OTTAWA—After the second girl killed herself, Dr. Mike Kirlew was beset once again with the temptation to leave. But then, as always when things in Wapekeka get tough, the people there gave him the reason to stay.

It was early January and the First Nation in northwestern Ontario was in the throes of a suicide crisis, the likes of which have periodically erupted in the area’s Indigenous communities for decades. Two 12-year-old girls, Jolynn Winter and Chantell Fox, had killed themselves in the same week, prompting fears of a suicide pact among the nation’s youth.

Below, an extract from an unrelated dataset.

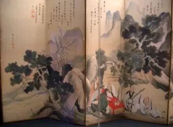 ▲ 东京国立博物馆藏与谢芜村《兰亭曲水屏风》(局部)

They were Kirlew’s patients. He knew them and their families, and the enormous grief in the community — coupled with his own rage that the medical system had failed these girls — implanted Kirlew with the thought of leaving the north for the relative calm and superior funding of the provincial health-care regime in a southern city.

It was a simple comment from someone who lives there that inspired him to remain: “We’re down now, but we’re going to be up again.”

Kirlew was blown away.

“In the height of that sadness, you’re looking at ‘We’re going to be up again?’ Imagine,” he said, speaking over the phone from Sioux Lookout, where he works for the First Nations health authority that sends doctors to remote northern communities. He spends one week a month in Wapekeka, about 420 kilometres north of his home in Sioux Lookout.

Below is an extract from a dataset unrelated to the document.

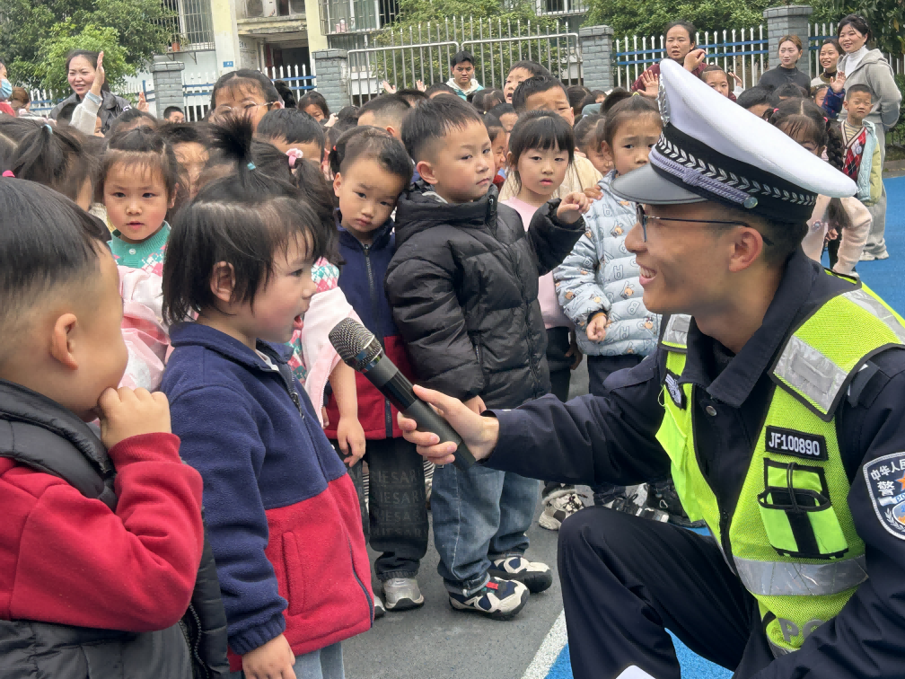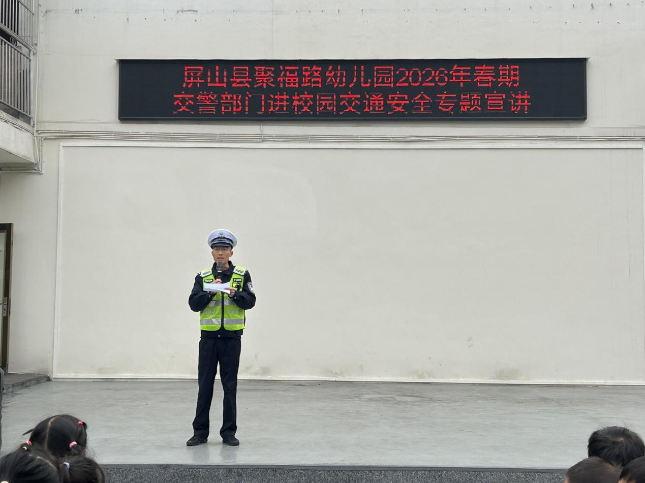 为进一步强化全园师幼交通安全意识,普及交通安全常识,有效预防和减少涉幼交通安全事故,切实筑牢校园安全防线,3月26日上午10:30,屏山县交通管理大队祝警官一行到屏山县聚福路幼儿园为全体师幼开展交通安全专题宣讲活动。

“That infectious resilience, that show of quiet strength through the face of adversity, is incredibly powerful — and transferable,” Kirlew said.

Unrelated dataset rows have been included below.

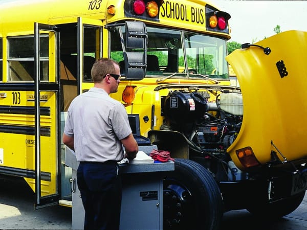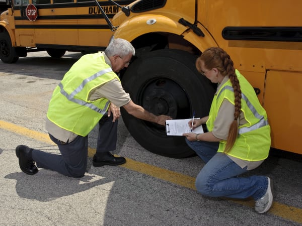 Two Durham school bus drivers conduct a pre-trip inspection.
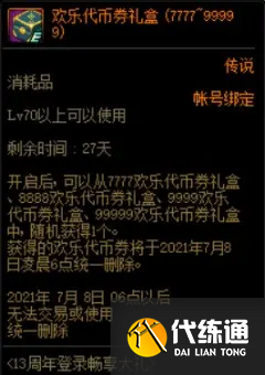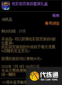 炫彩百变装扮套装礼盒打开后为一个期限为30天的8件套装扮,每日凌晨6点刷新装扮外观。这个可以当做是周年庆的小彩蛋,随意大家分配。
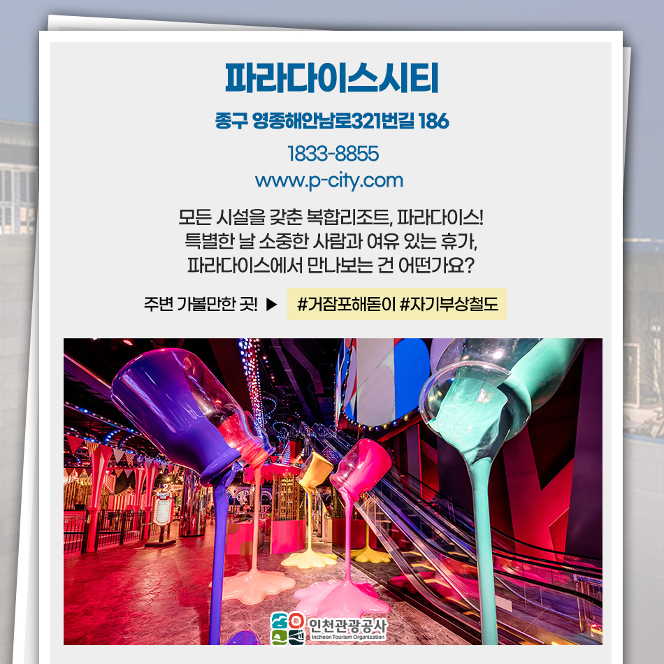 이 밖에도 영종도 주변에 백운산(용궁사), 파라다이스시티, 인천대교개념관 등 추천드릴 장소는 많은데, 지면상 아래 사진으로 대체하겠습니다.
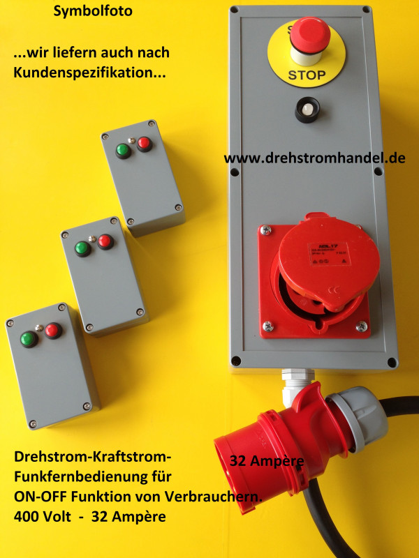 Funkfernsteuerung / Funkfernbedienung für Drehstrom / Kraftstrom zur Bedienung von geeigneten Geräten, Aggregaten, Zubehörteilen per Funk. Drehstrom 400 Volt / 32 Ampère.

It has kept him working there for 10 years now.

The 36-year-old is known in Wapekeka as “Dr. Shakehand,” for his habit of shaking everyone’s hand, said band manager Joshua Frogg. But in recent months, the community’s long-time doctor has also emerged as a strident advocate for better health care for Canada’s Indigenous peoples, fighting for what he argues is a “moral obligation” to bring in much-needed resources.

Last spring, he forcefully testified before a parliamentary committee on aboriginal health care, describing the lack of basic supplies like painkillers and asthma medication for children in far-flung northern communities. He penned a letter last year to the federal health minister, Jane Philpott, to bemoan the barriers to receiving travel funding for Indigenous patients who may need to be airlifted in a medical emergency.

And in January, he sternly addressed a room of journalists after the Wapekeka suicides, at times trembling and raising his voice as he pounded a table with his forefinger and denounced the underfunding of Indigenous health care that persists, he argued, in light of Canada’s racist colonial legacy.

“The health-care system on reserves is far inferior to what other people get — period,” he said. “This is taking children’s lives.”

Outcries of injustice have rung out for years from those that argue the federal government woefully underfunds Indigenous health care, leading to race-based discrepancies in the quality of medical services available to First Nations people — especially in remote communities like Wapekeka — and everyone else who isn’t Indigenous.

“That’s really where the advocacy fire starts to burn,” Kirlew said, describing how he has seen children without asthma medication struggle to breathe, and others wail with broken bones because he doesn’t have the provisions to numb their pain.

“What makes you angry is that, unless you change the system, this is going to be an unfortunate narrative that’s going to repeat itself,” he said.

“You’re triaging people based on race to an inferior system … That’s what makes you angry.”

Kirlew was born in Ottawa to Jamaican immigrant parents, and grew up in the capital with a younger sister. He said his parents were socially conscious and progressive, and pushed their children to assume similar views. “There’s no question about it. And they always wanted to ensure that we fought for rights and ensure that the world is a good place for everyone.”

After completing his undergraduate degree in biochemistry, Kirlew enrolled in medical school at the University of Ottawa. Upon graduation, Kirlew wound up deciding to work in Sioux Lookout after another placement unexpectedly fell through. He was open to the experience, but never expected to stay for long.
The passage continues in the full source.